> PROBLEM DESCRIPTION:
From the line with "A woman in a" to the final line of the data below, please write out every line exactly, with no pictures.

> SUPPLIED INFORMATION:

--

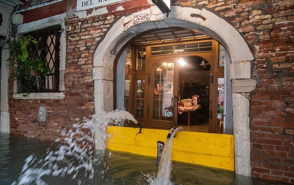 當(dāng)?shù)貢r(shí)間2019年11月17日,意大利威尼斯,當(dāng)?shù)厮汲掷m(xù)。一家餐廳用水泵排水。
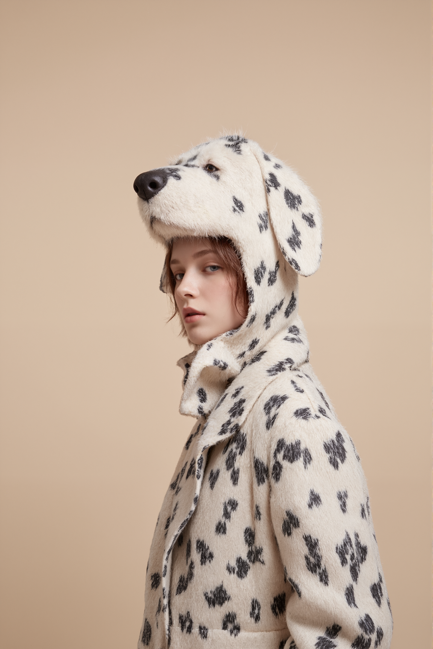 A woman in a Dalmatian-inspired coat with a dog-shaped hood, set against a beige background. Unique and creative fashion statement.
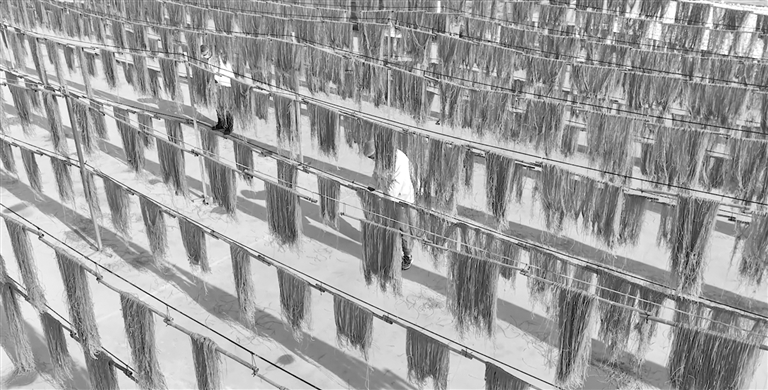 1月5日,高阳县贾家务村聚兴土地专业合作社内,一排排晶莹剔透的粉条高高挂起,宛如丝帘。该村采用“党支部+合作社+农户”模式,通过“统一种薯、标准化制粉、统一销售”的链条化运营,粉条年产量达十万余斤,传承百年手工粉条技艺的同时,增加村民收入。
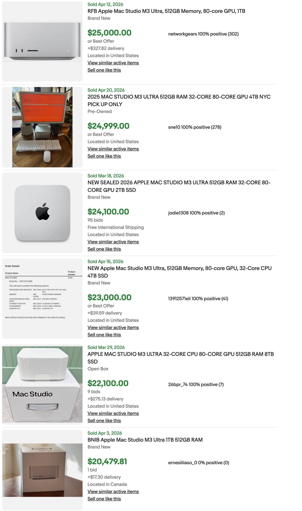 搭载M3 Ultra芯片的Mac Studio目前在二手市场上价格已经完全失控,512GB统一内存版本标价高达25000美元(约17万元人民币)。作为对比,配置16TB SSD的256GB版本在苹果官网上售价约12000美元,同样的机型,内存翻一倍,价格直接翻倍还多。

--

> RESPONSE AREA:
 A woman in a Dalmatian-inspired coat with a dog-shaped hood, set against a beige background. Unique and creative fashion statement.
 1月5日,高阳县贾家务村聚兴土地专业合作社内,一排排晶莹剔透的粉条高高挂起,宛如丝帘。该村采用“党支部+合作社+农户”模式,通过“统一种薯、标准化制粉、统一销售”的链条化运营,粉条年产量达十万余斤,传承百年手工粉条技艺的同时,增加村民收入。
 搭载M3 Ultra芯片的Mac Studio目前在二手市场上价格已经完全失控,512GB统一内存版本标价高达25000美元(约17万元人民币)。作为对比,配置16TB SSD的256GB版本在苹果官网上售价约12000美元,同样的机型,内存翻一倍,价格直接翻倍还多。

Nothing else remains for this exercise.